When most new writers hear, “Write what you know,” they usually take it to mean they should write a story based on their own personal experiences, which they then proceed to do. This can certainly be a good thing – some of the best writing that has been done in every form has been autobiographical or semi-autobiographical. However, it can also be a bad thing, or at least a problematic thing, for several reasons:
· To begin with, real life usually isn’t dramatic. It may contain many inciting incidents and end-of-Act I plot turns, but it rarely contains an experience that contains a clear narrative through-line, an end-of-Act II reversal, a beginning-of-Act III rally, a climactic confrontation, and a tidy resolution at the end. However, a strong dramatic narrative requires all of these things and so if a writer’s real-life experience does not contain these elements, they need to be added so that the story will work as a show. However, this is a step many new writers are hesitant to take, out of fear that adding drama will make the piece less true to what actually happened and therefore less authentic.
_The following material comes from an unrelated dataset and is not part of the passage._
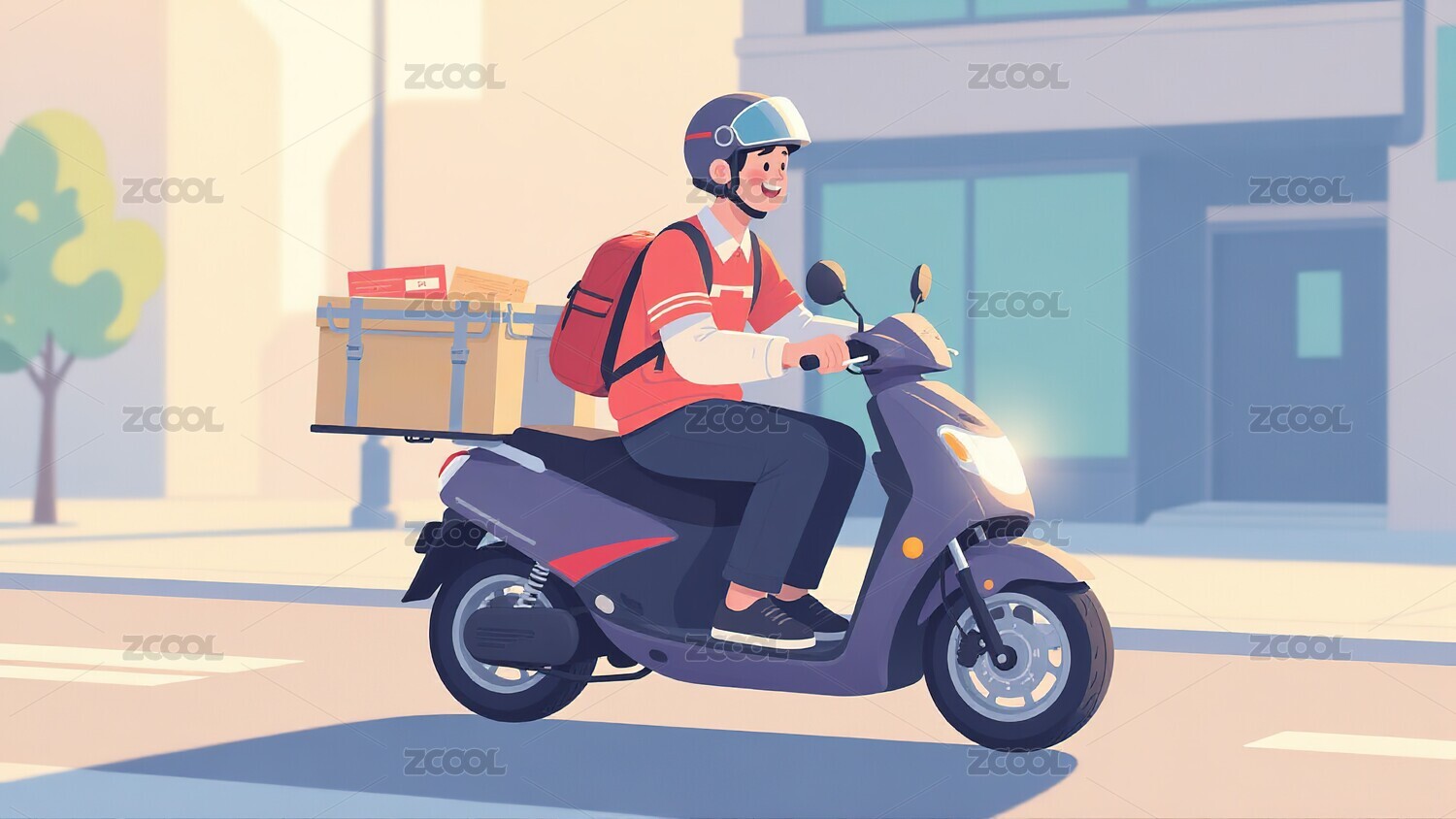 打工人主题快递外卖小哥插画

It’s an understandable concern, but when addressing it, it’s important to keep in mind that if the piece doesn’t work as drama, then it will not be compelling to audiences and then it won’t matter how authentic the piece is because nobody will want to make it or come to see it. The way to deal with the issue of adding drama to a real-life tale is not to not do it, but to do it in a way that enhances and reflects the core truth of the original experience. This way, even if all the details of the event aren’t 100% true, the meaning of it – which is, presumably, the reason you wanted to write about the event in the first place – will be.
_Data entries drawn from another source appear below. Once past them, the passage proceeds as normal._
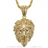 Ciondolo Testa di Leone Acciaio Oro Rubino Occhi Rossi + Catena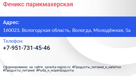 Феникс, парикмахерская по адресу 160023, Вологодская область, Вологда, Молодёжная, 5а в дальнейшем Организация, размещена в следующих категориях:
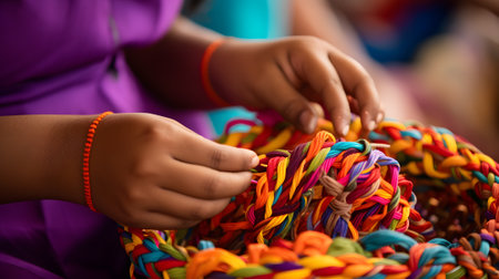 Hands weaving colorful threads on a loom, crafting intricate patterns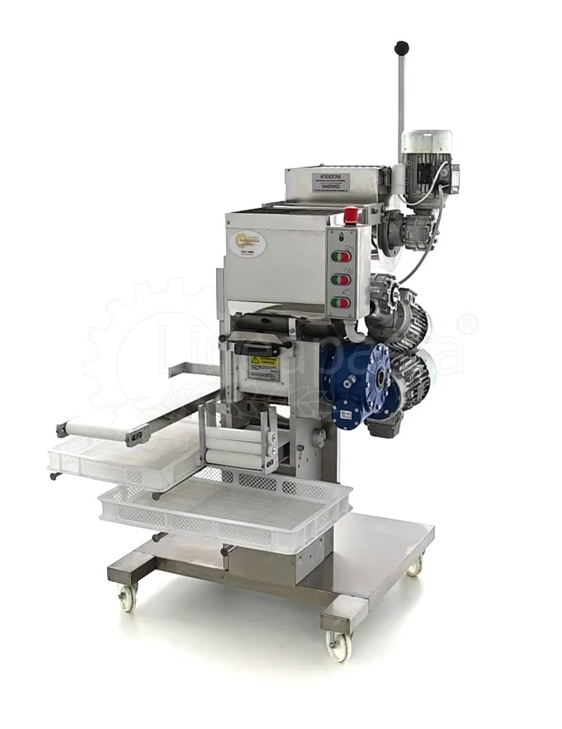 Gruppo Ravioli 170mm: consente di preparare dei perfetti ravioli a doppia sfoglia. Il Gruppo Ravioli ha lo stampo fisso integrato nella macchina ed una volta scelto il formato di produzione (mm 20X20, 34x40, 40x50, 70x70x70), questo non potrà più essere cambiato se non acquistando un nuovo Gruppo Ravioli.
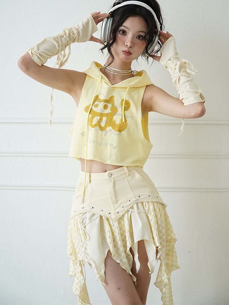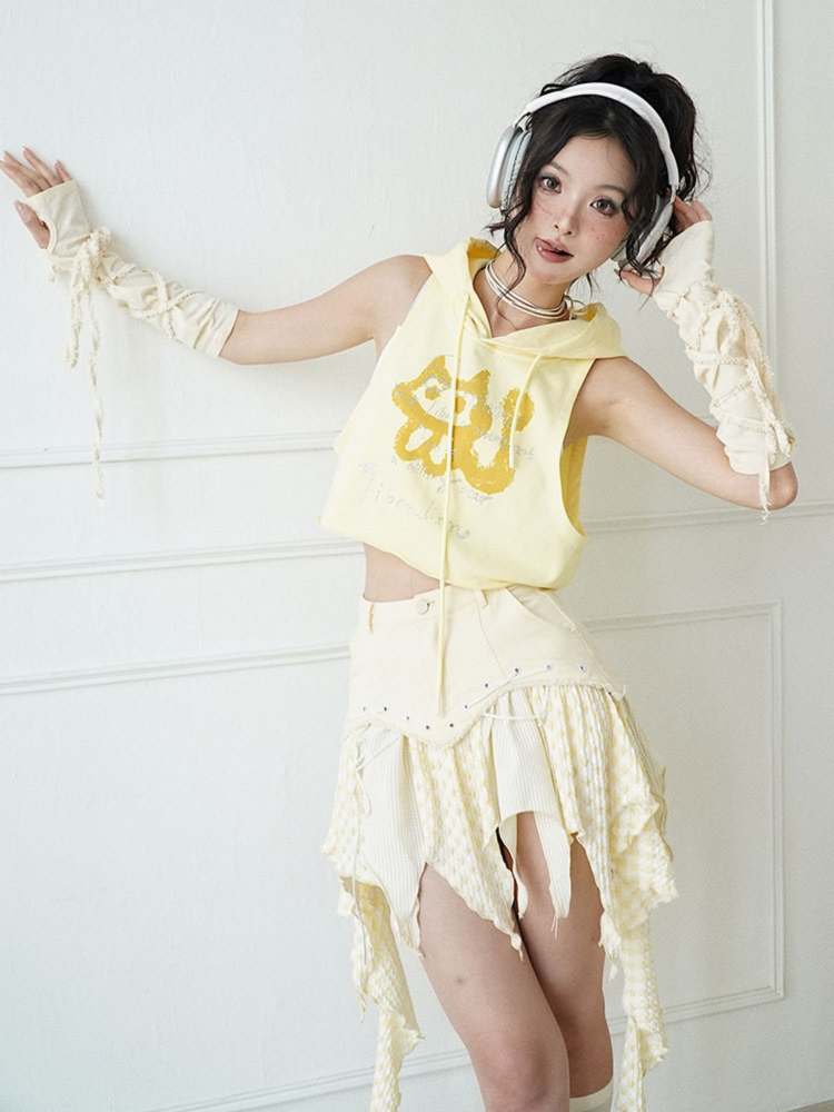 milk yellow irregular skirt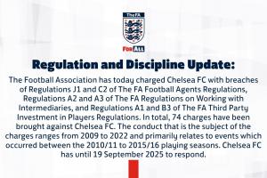 英格蘭足球總會(huì)今日對(duì)切爾西足球俱樂部提出指控,其違反《英足總足球經(jīng)紀(jì)人條例》J1和C2條款、《英足總中介合作條例》A2和A3條款,以及《英足總第三方球員投資條例》A1和B3條款。切爾西俱樂部共面臨74項(xiàng)指控,涉及2009年至2022年期間的違規(guī)行為,主要集中于2010/11至2015/16賽季期間。切爾西俱樂部需于2025年9月19日前就此作出回應(yīng)。

· That meaning is the second concern. Writers choose to write about a personal experience because that experience has some important significance for them. For the script based on personal experience to work, it is vital that the author find a way to dramatize this significance in a way that effectively communicates it to the audience. Unfortunately, many writers – especially new ones – fail to do this. Sometimes this is because the author lacks skill and/or ability, but often it is because the writer doesn’t realize it is necessary – he/she/they assume that if they simply relay the events of the real-life experience as they really happened, then readers and viewers will have the same emotional response and draw the same intellectual and philosophical conclusions from those events as the author did. Unfortunately, that is not usually the case. If you want the audience to experience the event the way you did, you need to emphasize the elements that communicate that meaning, de-emphasize or eliminate the elements that don’t, and then stress that meaning in every way possible through the characterizations, the action, the dialogue, and the imagery. In other words, you have to gin it up, but you have to do so in a way that is not too obvious or on the nose, lest the results be clumsy. To make personal experience accessible to a wide audience is one of the hardest tasks a screenwriter faces, but that is, after all, why they pay us (or we hope they will pay us) the big bucks.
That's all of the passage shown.